McGuffin. I sighed and waved for another drink.

It was just after the War (McGuffin said.) I was footloose and fancy free and I was looking for a place to live having mustered out of the service. I heard about a place which was going for a song. I showed up at the address and couldn’t believe it; the address was Saint Ambroise’s Cathedral. I was not a religious man by any means, but I would happily have rented a room in the cathedral. They told me that the Cathedral had been closed during the War and they were looking for someone to stay there and keep the place safe from intruders and there would be some “light housekeeping.” I entered the Cathedral, which was not nearly so big as St. Paul’s or St. Clemmons’ but was large, well-lighted and secure. My room was upstairs toward the back just behind the huge dome. I spent the morning moving my scant possessions into my room and doing my few housekeeping duties, namely dusting the pews and sweeping the floor (none of which had been done regularly since the doors were padlocked around 1940. When I was finished it was early evening, so realizing that I would not have to clean six years of grime again, I celebrated with a tin of meat and music on the radio and after checking the parameter and making certain that the doors were locked I retired to bed.

I was awakened a few hours by a strange thumping and fluttering. I grabbed my torch and my service revolver and headed into the main cathedral where I heard the sound. There was a dark cloud of some sort swirling around the room. At first I thought there was smoke filling the room or just maybe bats, then I shone the light beam and revealed to my astonishment thousands of moths! Of every size and description. And they saw me too! They began to dive for my torch’s beam, like a dark column of shadow. I waved at them, thought about firing my gun, then I thought the better of it and simply ran! But not fast enough: the moths surrounded me and suddenly I found myself lifted into the air! Before I could do anything, they rose through an open skylight taking me with them! I saw the lights of the city and realized I had no way of fighting them, unless…I suddenly realized what they were after; I tossed the torch to the ground and the moths darted after the light source, leaving me to fall from the height of the cathedral to the ground.

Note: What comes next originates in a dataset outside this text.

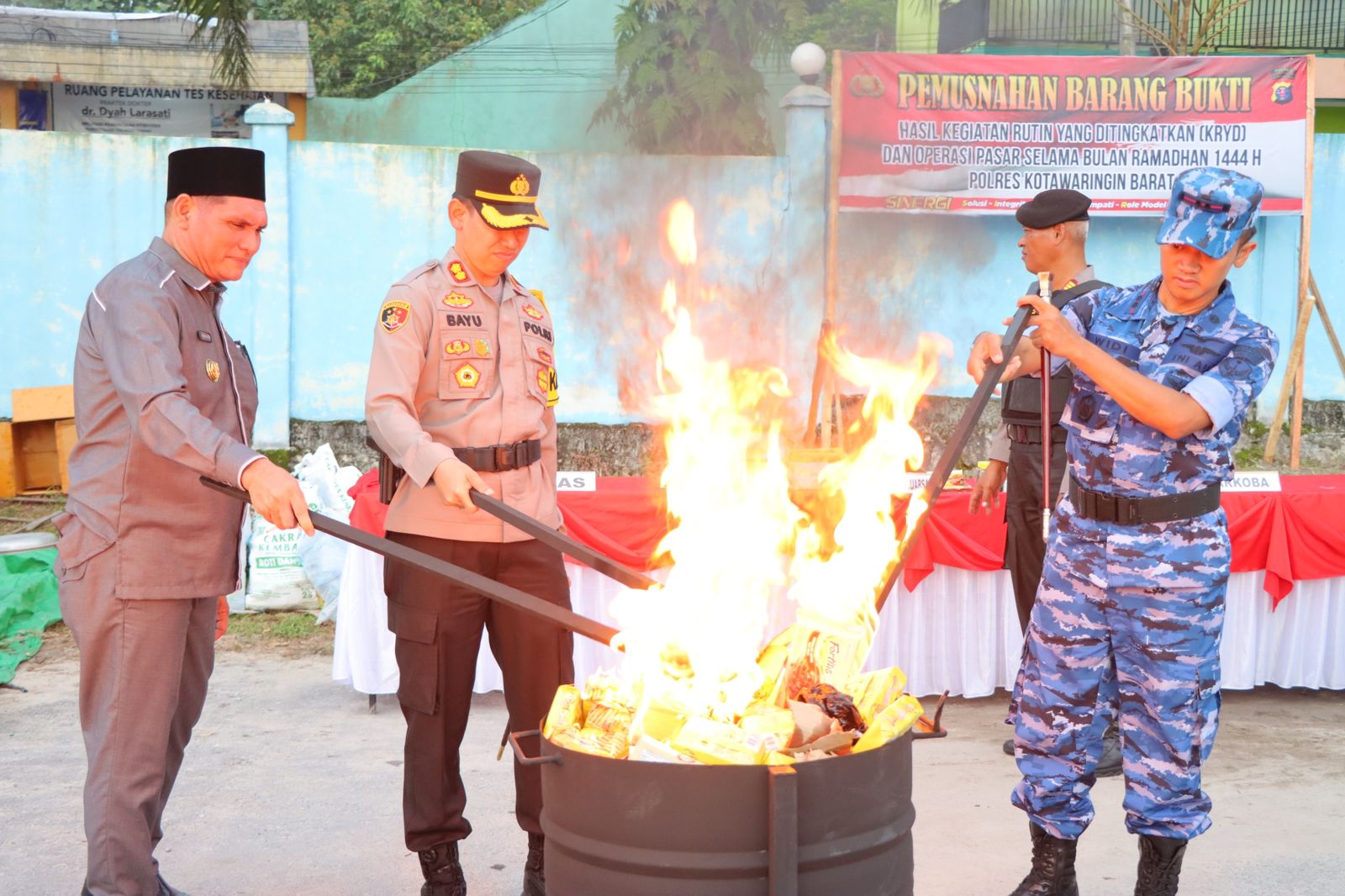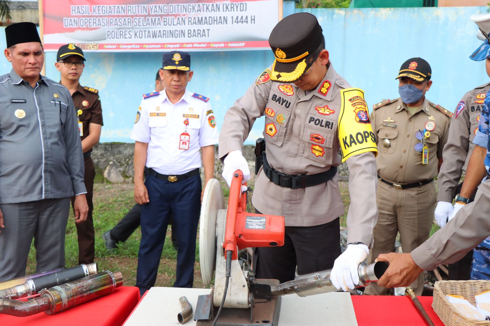 KOTAWARINGIN BARAT,ikagawanews.id – Setelah apel gelar pasukan, Kapolres Kotawaringin Barat AKBP Bayu Wicaksono,SH.,SIK.,M.Si bersama PJ Bupati, unsur Forkopimda dan tamu undangan melakukan pemusnahan terhadap beberapa barang / benda hasil dari Kegiatan Rutin Yang Ditingkatkan (KRYD) selama berjalannya Bulan Ramadhan di Lapangan SatlantasSenin 17 April 2023 .

“My Lord!” Delmar said. “How ever did you survive?”

“By using my wits,” McGuffin said. “Getting dropped was my main objective so I made sure I was over the park across the street when I threw the torch. I dropped several feet into one of the largest trees from which I climbed down and went back to the cathedral to pick up my belongings. The next day I told the owners that I was not an exterminator which was what they needed. They said they had tried but the building was engulfed with moths.”

McGuffin paused.

“They then offered to sell me the cathedral, doubtless to get it off their hands.”

“My word, McGuffin!” I said. “What did you do?”

“I simply handed them a bill for my moth-eaten clothing and set out to find a paper with rental listings. And no moths.”